| Data shown |
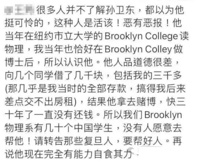 复旦大学美国校友会确认,这名姓孙的流浪博士,确实是复旦校友。
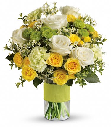 You could call or email that special someone, but why not put your feelings into flowers? She’ll love this elegant array of white and yellow roses and other favorites in a stylish cylinder vase. She’ll want to thank you in person. This charming bouquet includes white roses, yellow spray roses, green carnations, green button spray chrysanthemums and white waxflower accented with assorted greenery. Delivered in a glass cylinder vase. Approximately 12 1/2" W x 14" H
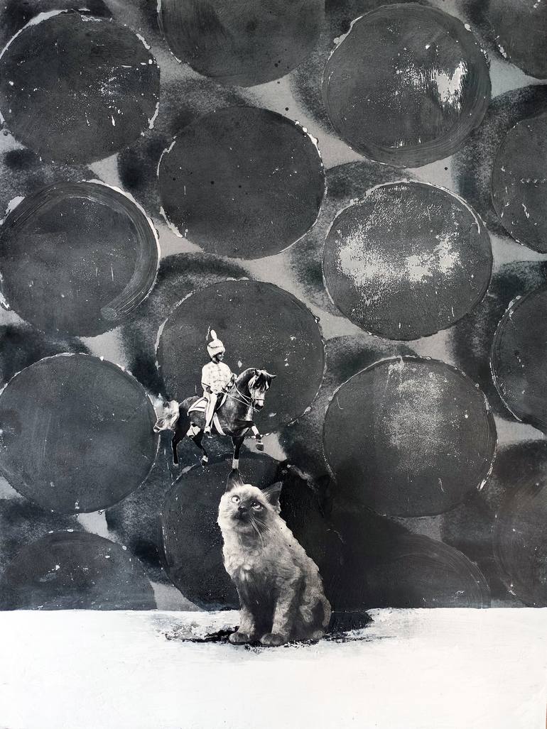 In the dream, I stood in a quiet field under a sky painted in soft big dots. At the edge of the meadow, a cat sat motionless, its gaze fixed on something high above. I followed its stare, and there, soaring through the air was a horse with a man on it. I guess it was meaningless, but than again drea...
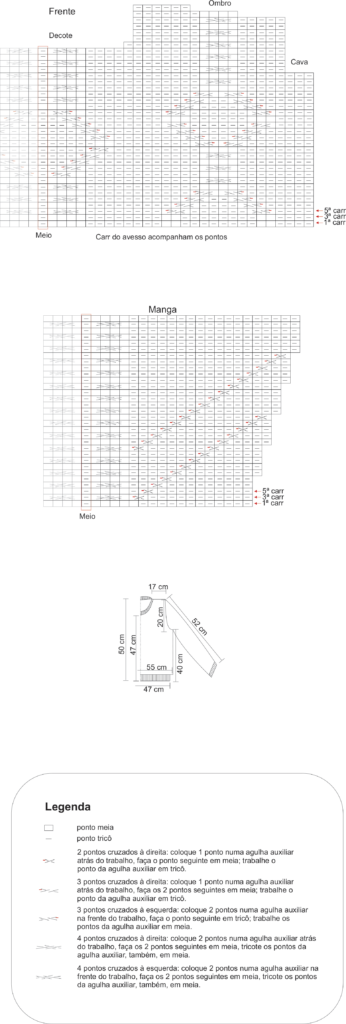 Pontos usados: meia (m); tricô (t); pontos cruzados à direita e à esquerda. Execução – Frente: Monte 57 pontos nas agulhas 8 mm e trabalhe 9 carreiras em barra 1X1 (1 m, 1 t). Passe para as agulhas 8 mm e trabalhe: 1ª e 3ª carr (avesso): 4 t, 2 m, 8 t, 2 m, 8 t, 4 m, 1 t, 4 m, 8 t, 2 m, 8 t, 2 m, 4 t. 2ª e todas as carr pares: trabalhe os pontos como se apresentam (onde aparece t, faça t; onde aparece m, trabalhe m). 5ª carr: 4 t, 3 pontos cruzados à esquerda (= coloque 2 pontos numa agulha auxiliar na frente do trabalho, tricote o ponto seguinte em t; faça os pontos da agulha auxiliar em m); 6 t, 3 pontos cruzados à direita (= coloque 1 ponto numa agulha auxiliar atrás do trabalho, tricote os 2 pontos seguintes em m; faça o ponto da agulha auxiliar em t); 8 t, 4 pontos cruzados à direita (= coloque 2 pontos numa agulha auxiliar atrás do trabalho, tricote os 2 pontos seguintes em m; faça os pontos da agulha auxiliar em m); 1 t, 4 pontos cruzados à esquerda, 8 t, 3 pontos cruzados esquerda, 6 t, 3 pontos cruzados à direita, 4 t. 7ª carr: 5 t, 3 pontos cruzados à esquerda, 4 t, 3 pontos cruzados à direita, 9 t, 4 m, 1 t, 4 m, 9 t, 3 pontos cruzados esquerda, 4 t, 3 pontos cruzados à direita, 5 t. Continue acompanhando o gráfico da Frente até alcançar 40 cm desde o início e forme as cavas diminuindo 3 pontos de cada lado (1 vez). Decote: Aos 47 cm desde o início arremate os 17 pontos centrais e trabalhe os lados separadamente diminuindo 1 ponto de cada lado (1 vez). Trabalhe mais 8 carr e arremate para o ombro 5 pontos (2 vezes); 6 pontos (1 vez). Costas: Trabalhe até no decote como a Frente. Faça o decote a 50 cm do início e arremate os 18 pontos centrais; arremate os pontos dos ombros em 3 vezes. Mangas: Monte 34 pontos nas agulhas 8 mm e trabalhe 13 carr em barra 1X1. Passe para as agulhas 9 mm e acompanhe o gráfico Manga. Aumente 1 ponto de cada lado a cada 6 carr (5 vezes). A 52 cm do início arremate todos os pontos de uma só vez; Feche 1 ombro e usando agulhas 8 mm, levante 52 pontos ao redor do decote, tricote 5 carr em barra 1X1 e arremate. Feche o 2º ombro, pregue as mangas e feche lados e mangas. Artesã – Marli Schreiber (205849)
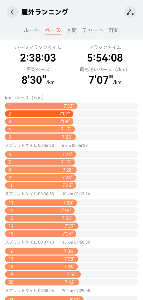 今回の私の記録は、ネットタイムで6時間12分台。平均ペースは8’30″/kmでした。
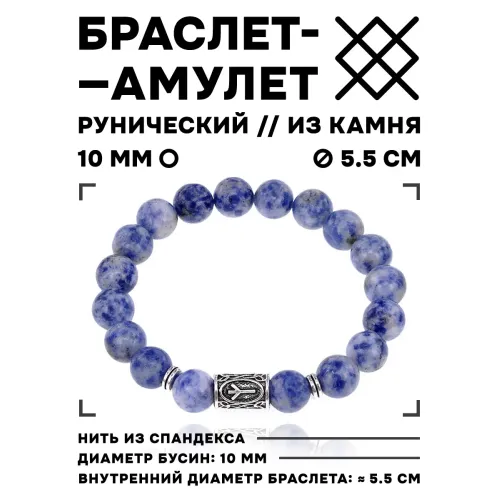 Стрейч-браслет с руной Альгиз и бусинами из натурального камня содалит.
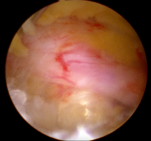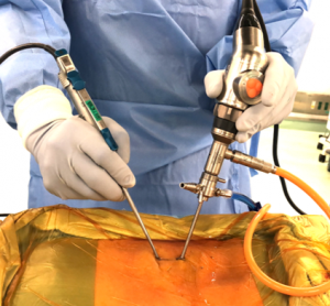 内視鏡画像バイポータル脊椎内視鏡手術は名前の如く、2カ所の小さな切開部(約5~6㎜)から内視鏡と手術器具をそれぞれ挿入して行う手術です。
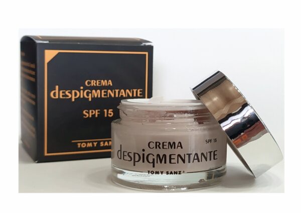 CREMA FACIAL DESPIGMENTANTE Con protección solar SPF 15. Para todo tipo de pieles. Crema despigmentante diseñada con Filtros UV +15 contra el Sol y Agentes Externos. Recomendado para pieles con Pecas, lunares o manchas provocados por la edad, desórdenes hormonales o los Rayos UV. Su fórmula regula la Melanina y controla el exceso de pigmentación. Aplicada sobre la piel, hidrata, nutre y reduce notablemente el tamaño e intensidad de las manchas. También se recomienda como crema de día para días soleados

| Work to be completed |
The line containing "In the dream, I" marks where the copy ends; print every line before it from the start of the records, and that line too, but no pictures.

| Task response |
 复旦大学美国校友会确认,这名姓孙的流浪博士,确实是复旦校友。
 You could call or email that special someone, but why not put your feelings into flowers? She’ll love this elegant array of white and yellow roses and other favorites in a stylish cylinder vase. She’ll want to thank you in person. This charming bouquet includes white roses, yellow spray roses, green carnations, green button spray chrysanthemums and white waxflower accented with assorted greenery. Delivered in a glass cylinder vase. Approximately 12 1/2" W x 14" H
 In the dream, I stood in a quiet field under a sky painted in soft big dots. At the edge of the meadow, a cat sat motionless, its gaze fixed on something high above. I followed its stare, and there, soaring through the air was a horse with a man on it. I guess it was meaningless, but than again drea...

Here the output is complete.